File with both text and embeddings

If your file includes both, the embeddings field takes precedence and we will use it instead of re-embedding the text. That means, even if you are using Vantatge Managed Embeddings and normally the text would be processed, the embeddings would be used instead. This may be useful if you have already created embeddings for the data your are ingesting to the Vantage platform.

Optional Fields

meta_ fields

Other fields, prefixed with meta_, can be provided to support querying and filtering. A document can have any number of these fields.

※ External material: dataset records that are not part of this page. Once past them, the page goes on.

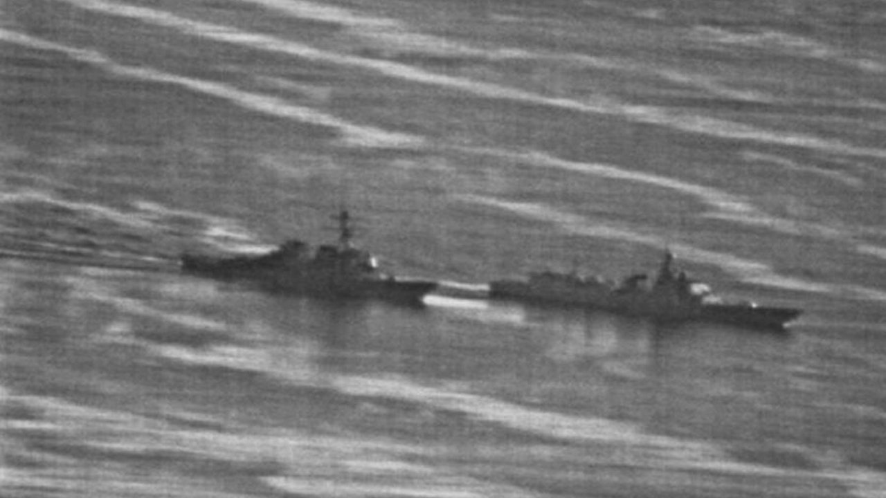 This U.S. Navy photo, first obtained by gcaptain.com, shows the incident between the USS Decatur, left, and the Luoyang. (U.S. Navy)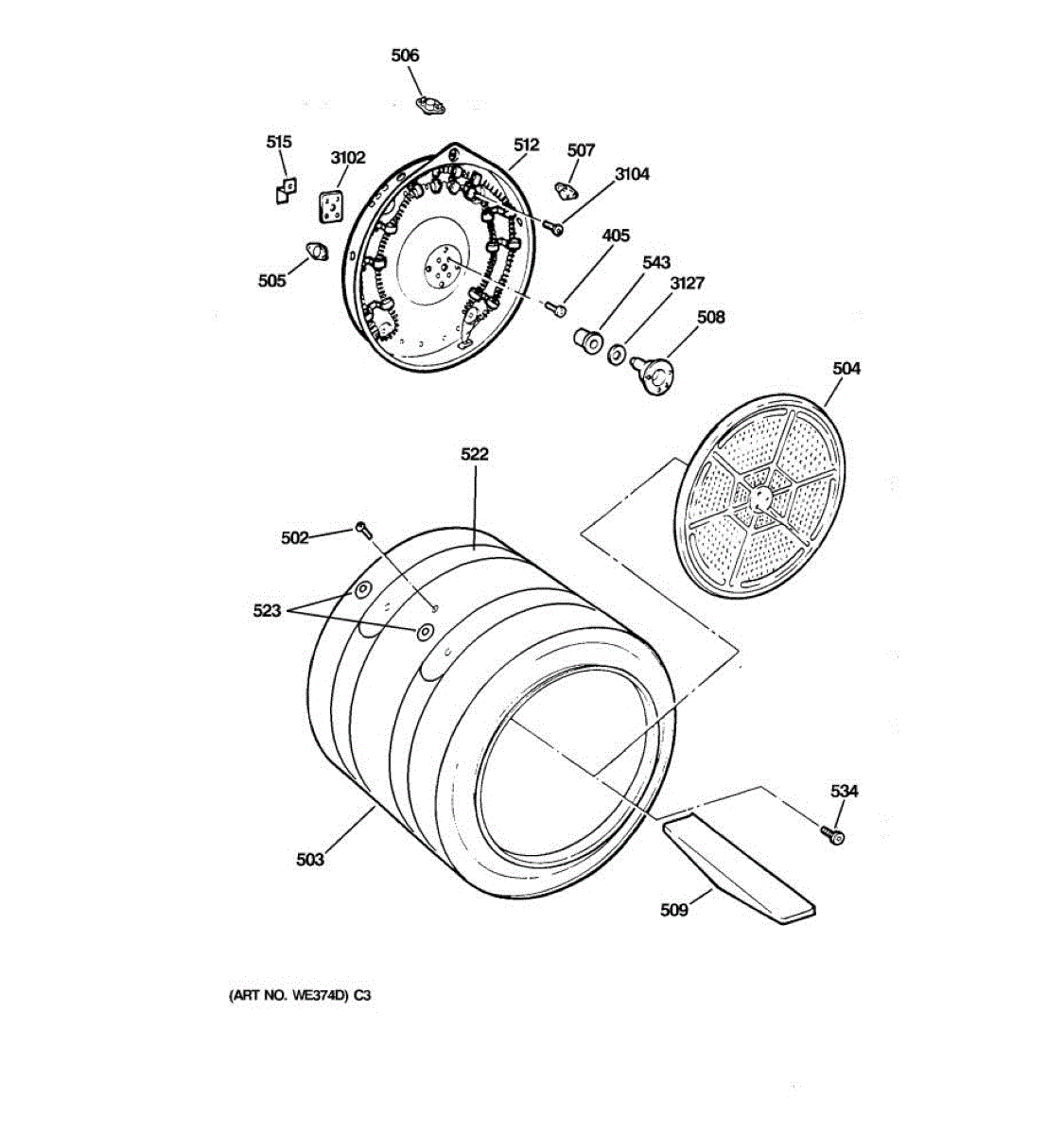 Parts for Ge DPSF505EW1WW: 04 - Drum Parts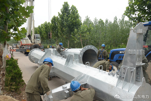 【新建線路助力地方經(jīng)濟(jì)發(fā)展】7月10日,國(guó)網(wǎng)莒縣供電公司施工人員在莒縣劉官莊鎮(zhèn)10千伏通達(dá)線富強(qiáng)支線組立9號(hào)轉(zhuǎn)角鐵塔。工程投運(yùn)后,將大大提升迎峰度夏期間線路供電能力,為當(dāng)?shù)仄髽I(yè)生產(chǎn)提供充足電力供應(yīng)。 ????

meta_<fieldname> is a field that should be indexed for search query filtering. The <fieldname> is case-sensitive. meta_FieldName is different from meta_fieldname.

The <fieldname> part of the field has specific naming restrictions:

  • Characters: May contain only [a-zA-Z0-9-_] characters
  • Minimum length: 3 characters
  • Maximum length: 255 characters

The values of these fields can only be these types:

  • Scalar Single Values: meta_<fieldname> : int, string
  • Array or List Values: meta_<fieldname> : [int], [string]

πŸ“˜

The meta_ prefix is only used in the ingestion format. During querying, the meta_ prefix is dropped.